▶ _Assignment_: Pictures in the entries below are excluded; copy only the lines from the one containing "Figure 5 illustrates" to the one containing "- Super Strong", both included.

▶ _Data for the task_:
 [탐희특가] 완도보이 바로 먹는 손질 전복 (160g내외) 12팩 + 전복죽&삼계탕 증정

---

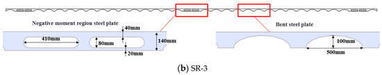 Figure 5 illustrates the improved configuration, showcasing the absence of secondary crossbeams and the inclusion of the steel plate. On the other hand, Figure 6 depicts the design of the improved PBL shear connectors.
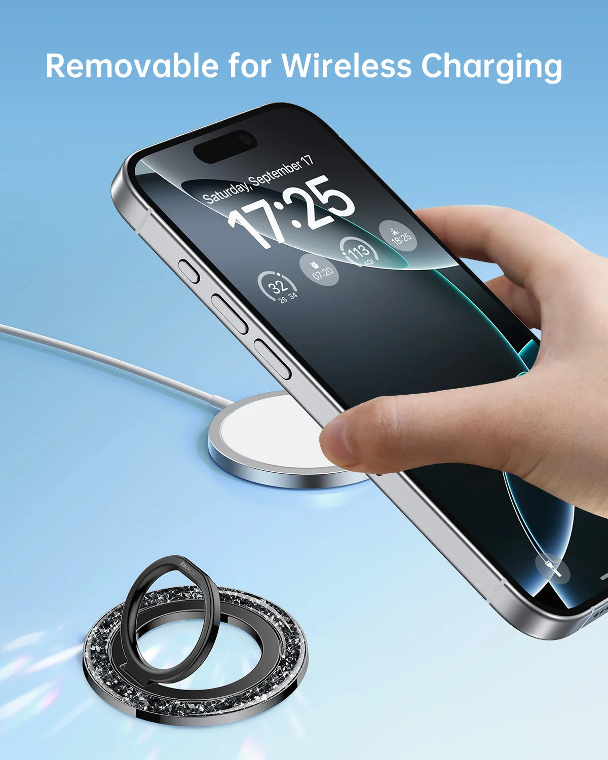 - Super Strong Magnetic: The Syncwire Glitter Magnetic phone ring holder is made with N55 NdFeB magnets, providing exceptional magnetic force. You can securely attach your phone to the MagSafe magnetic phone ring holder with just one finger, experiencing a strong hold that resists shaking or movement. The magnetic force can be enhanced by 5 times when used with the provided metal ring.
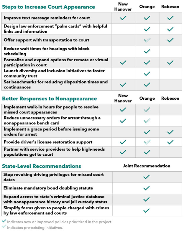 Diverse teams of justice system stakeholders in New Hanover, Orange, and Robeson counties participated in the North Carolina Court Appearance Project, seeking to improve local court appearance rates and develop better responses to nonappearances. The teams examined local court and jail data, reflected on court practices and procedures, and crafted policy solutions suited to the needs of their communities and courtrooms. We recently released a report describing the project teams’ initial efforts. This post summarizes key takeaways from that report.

▶ _Solution to this exercise_:
 Figure 5 illustrates the improved configuration, showcasing the absence of secondary crossbeams and the inclusion of the steel plate. On the other hand, Figure 6 depicts the design of the improved PBL shear connectors.
 - Super Strong Magnetic: The Syncwire Glitter Magnetic phone ring holder is made with N55 NdFeB magnets, providing exceptional magnetic force. You can securely attach your phone to the MagSafe magnetic phone ring holder with just one finger, experiencing a strong hold that resists shaking or movement. The magnetic force can be enhanced by 5 times when used with the provided metal ring.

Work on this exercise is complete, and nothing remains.